In the long run that's possible, but I don't think that existing ML is nearly good enough to do that (especially given that people can learn to game such features).
(In general when I talk about ML in the context of moderation or discussion fora or etc., I've been imagining that user behavior is the main useful signal.)
What do you think about the StackExchange model of moderation here, where people gradually acquire more moderation powers the higher their karma? What I really like about this model is that it doesn't require that any one person do a lot of work. Of course it's susceptible to value drift: it's unclear what you'll end up optimizing for once you put power in the hands of people who do the best at getting upvotes from whoever else is out there. Arguably it made MathOverflow less interesting in the long run: I think most of the high-rep people there (including me) eventually got too trigger-happy about closing "soft" questions that weren't just looking for technical results.
I'd advocate "upvoted by people with lots of karma" as a feature to use for prediction, with the trusted moderator still the ground truth.

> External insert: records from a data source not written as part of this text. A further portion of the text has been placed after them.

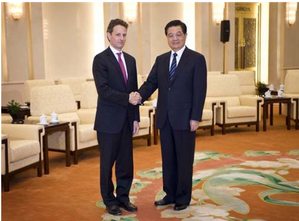
U.S. Treasury Secretary Timothy Geithner, left, shakes hands with Chinese President Hu Jintao upon arrival for a meeting at the Great Hall of the People in Beijing Tuesday, June 2, 2009. Geithner said Tuesday that he had found strong support among Chinese officials for the strategy the United States is employing to combat the worst global downturn in decades.
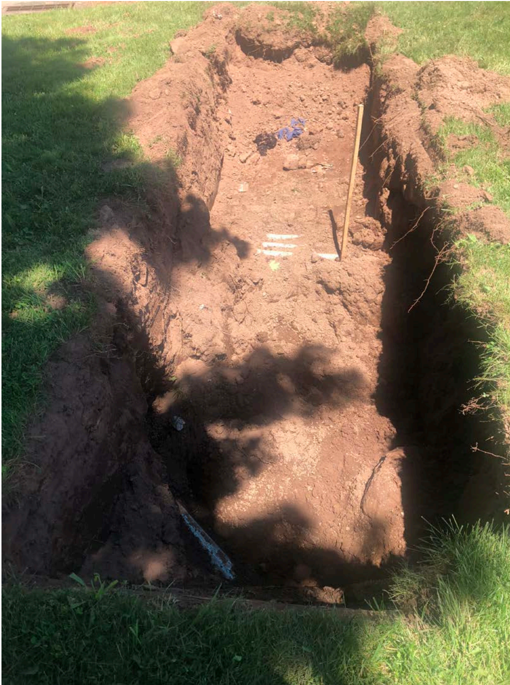
Picture 6: Utility conduits daylighted by Ludlow as they installed 4" DIP today at Station 525+75. Pickett Lane, Durham. View to the northwest.
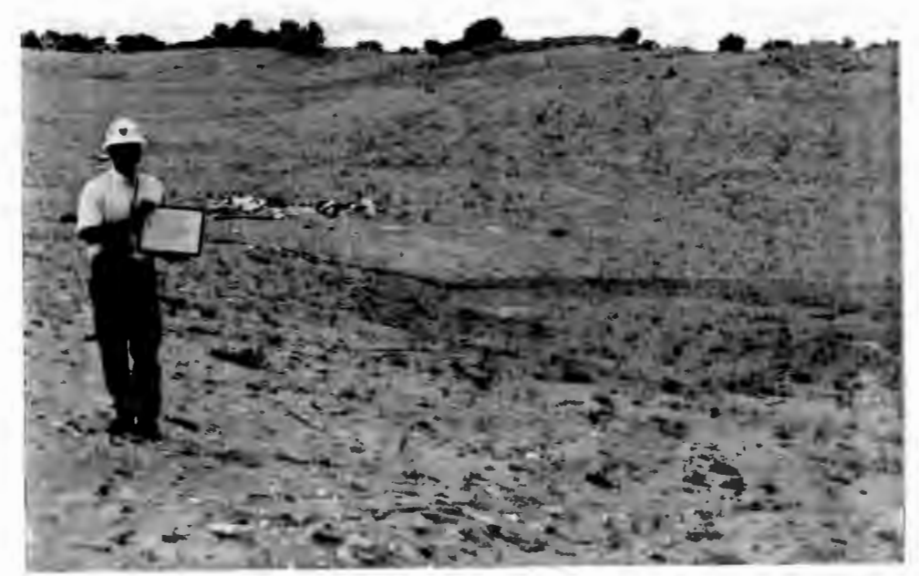
Section 31 T13N R9W, North End Looking South, 9/12/95
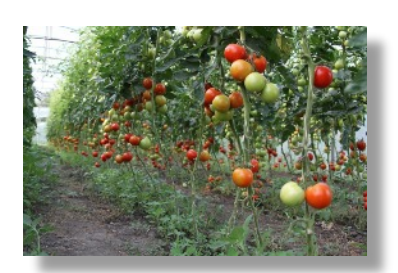
Green house tomato project
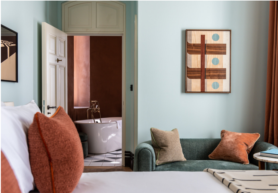
A Big bedroom with an en-suite bathroom and freestanding bath
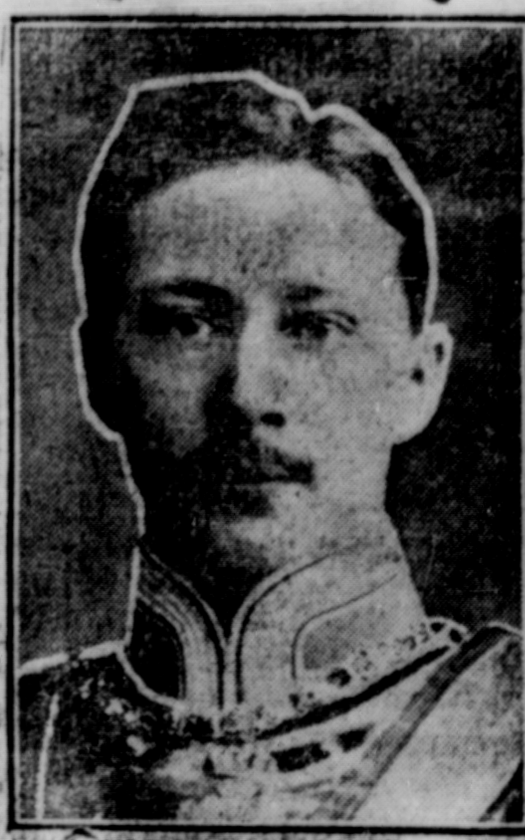
Crown Prince Frederick William. In command of the Imperial Guards, said to have been annihilated.

Doors Open at 10 P. M.—Commence at 10:30 P. M. Sharp Main Bout at 11:15 Ringside Reserved $3—General Admission $2 General Admission Tickets Bought Today $1.50 TICKETS ON SALE AT ALL CIGAR STORES

The StackExchange model includes clear rules about what content is allowed and what content isn't. When it comes to Lesswrong or the comment thread of a blog, deleting that much content isn't good.
Maybe an important advantage of AI-assisted moderation is it would reduce personal conflict between moderators and moderated (which might currently be a larger cost on the moderators than time). People who avoid a site because of fears that they'll be downvoted by humans might feel less bad about sometimes being downvoted by an algorithm trained on humans.
I guess the real way to deal with this is to say "each comment imposes some cost to evaluate, you need to pay that cost when you submit a comment" and then to use an independent mechanism to compensate contributions. That seems like a much bigger change though.